Wow – this is a bit longer than I intended when I started out. Good thing it’s a long train ride to SLO. By the way, did you know that the Burbank airport is named after Bob Hope? Or maybe just the train station next to the Burbank airport. I’m not sure.

June 1st, 2006 at 2:30 pm
Great post, Jay. We were actually just having a discussion in class recently about the price of efficiency. America is such an efficient nation that we’ve completely forgotten about the fact that some things just aren’t meant to be done really fast or really cheap or in huge numbers. This is especially true when the sacrifice that gets made is in the quality. And it’s not like efficiency always represents good value either. Some places will charge you a premium for crap.
Keep up the good fight!
June 1st, 2006 at 4:05 pm
Lets come up with some ideas about doing our own distribution. I know my own ordering volume will be small at first and am hardly looking forward to finding sun baked food cartons in my parking lot.
June 1st, 2006 at 4:11 pm
Great information and writing.. I love all this behind the scenes stuff.
June 1st, 2006 at 5:01 pm
Thanks for a really great post. I laughed, I cried, I emailed the link to tons of friends. This is a really good summary of what we are all up against!
As far as recommendations go, back when I was running coffeehouses, Monterrey Provisions seemed to have higher quality stuff and a more “friendly” feel. They had lots of the same things that the big guys had; I’m not sure they were actually any better though. Their HQ was downtown, in what is now the Ballpark district, so they may be defunct.
Also from the coffee world; recently a bunch of independrent coffeehouse owners banded together to buy large amounts of the kinds of stuff they had to go to sysco for; napkins, paper cups, sugar, etc. They wanted higher quality/sustainability, so they are able to “co-op” buy direct from manufacturers.
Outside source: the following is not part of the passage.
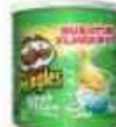
PRINGLES 40 GR SOUR CREAM & ONION

I will see if I can get more info about this project….
Peter G
June 1st, 2006 at 6:42 pm
Jay, great story. Feel your pain, yes, they are up here in Canada as well, $350.00 min. and drop there bland crap off when ever they feel like it. I call the rep
complain and it falls on deaf ears.
It got to the point were we ended up selling our place to concentrate on a smaller just great coffee and simple home made pastries kinda joint.
geir.
June 2nd, 2006 at 9:00 pm
Thanks everyone for the notes, and for letting your friends know about the post so they can learn how this stuff works. Learning about how the system works is the first step to creating an alternative.
I called Vienna, Beaver, and Hoffmaster (the napkin makers) yesterday and they were all really helpful. Vienna and Beaver in particular came up with solutions right away. We’ll be able to buy Vienna from our produce distributor and Beaver directly from the company. Still working on those pesky napkins.
Mike, absolutely let’s figure out if we can together buy these types of things in enough bulk to not have to deal with the big companies!
June 5th, 2006 at 11:03 am
Did you catch 60 minutes on Sunday? Cool story on the Whole Foods saga. Here is a snippet:
Mackey insists he’s made no tradeoffs as his business has grown. “America has a romance with small businesses. And it has mistrust of the large businesses,” he says. “Whole Foods is out to prove that wrong. I don’t see any inherent reason why corporations cannot be just as caring and responsible as small business.”
Link to entire story:
http://www.cbsnews.com/stories/2006/05/31/60minutes/main1671466.shtml
June 5th, 2006 at 11:45 am
[…] After I wrote this post, I arrived in San Luis Obispo and went to dinner with my Mom at EP Koberl at Blue. It’s a good restaurant, our server was super helpful and our meals were delicious. Plus they were open past 9, which is hard to find there on a Wednesday — they don’t call it SLO Town for nothing. […]
June 6th, 2006 at 1:50 pm
They just left it in the parking lot?? Unreal. I’ve passed along the link to this entry, too. Thanks for your commitment — both to food and to education.
June 6th, 2006 at 2:48 pm
I haven’t had a chance to check in for a few days - this is fascinating! I know of what you speak. Attending culinary classes at Grossmont, that is what they prepare you for. Of course I can take what I want and leave the rest, but it’s apparent that we’re not really expected to care about the quality of ingredients. If you’re a line cook at Chilis or what not, what difference does it make? I have been mulling the possibiliy of starting a food-related business at some point in the future. I’m surprised there are no high quality purveyors/distributors here in San Diego already…something to think about!
June 6th, 2006 at 3:12 pm
Thanks for the note Alice. I’m not surprised to hear that about some of the classes one can take.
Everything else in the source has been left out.